* How to complete this task: Write the listing out again word for word, excluding any pictures.

* Data below:
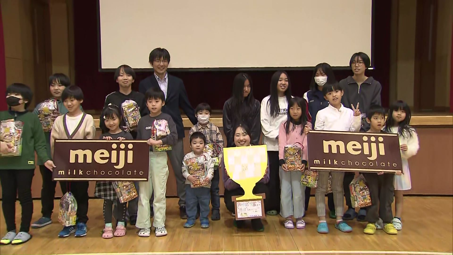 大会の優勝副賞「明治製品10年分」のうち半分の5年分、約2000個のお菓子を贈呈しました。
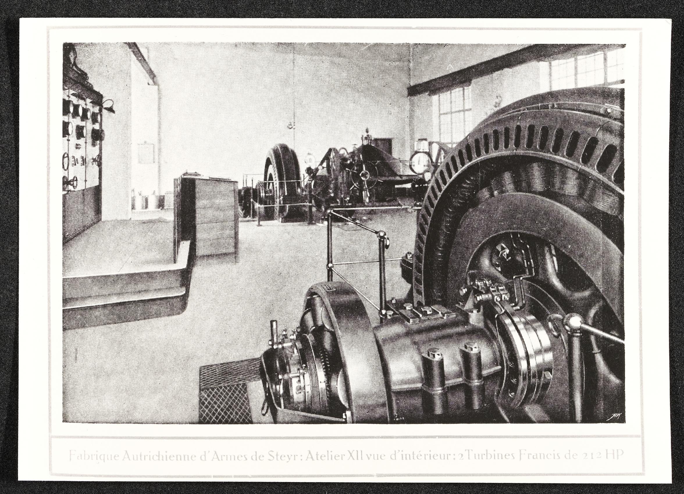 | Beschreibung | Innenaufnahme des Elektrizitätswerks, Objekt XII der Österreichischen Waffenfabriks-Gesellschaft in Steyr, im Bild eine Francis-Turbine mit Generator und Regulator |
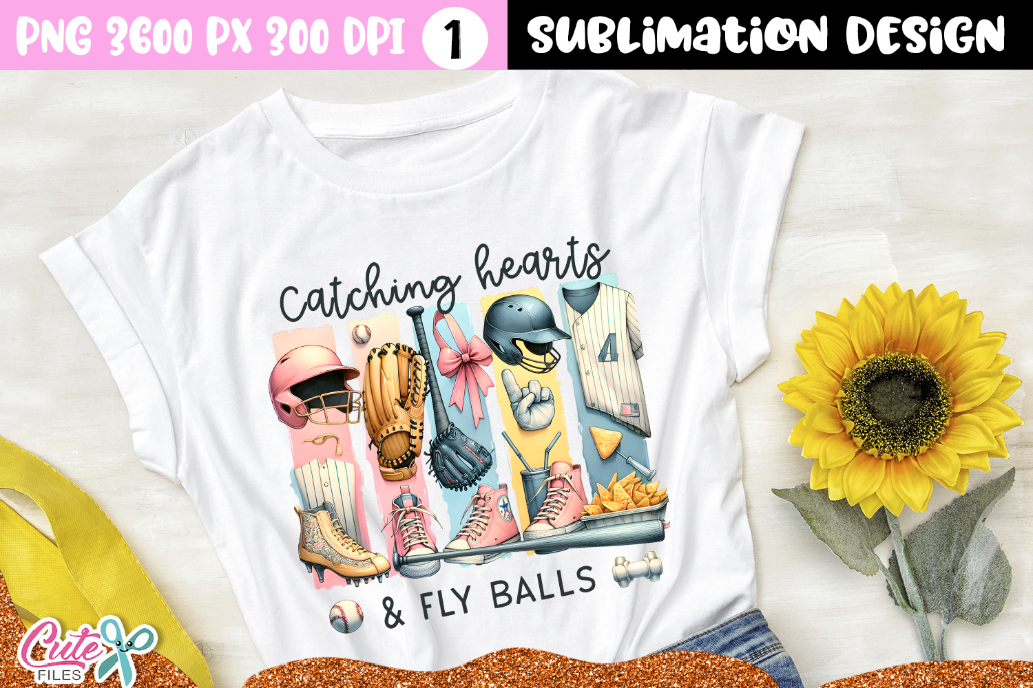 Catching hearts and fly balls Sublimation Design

* Written solution:
 大会の優勝副賞「明治製品10年分」のうち半分の5年分、約2000個のお菓子を贈呈しました。
 | Beschreibung | Innenaufnahme des Elektrizitätswerks, Objekt XII der Österreichischen Waffenfabriks-Gesellschaft in Steyr, im Bild eine Francis-Turbine mit Generator und Regulator |
 Catching hearts and fly balls Sublimation Design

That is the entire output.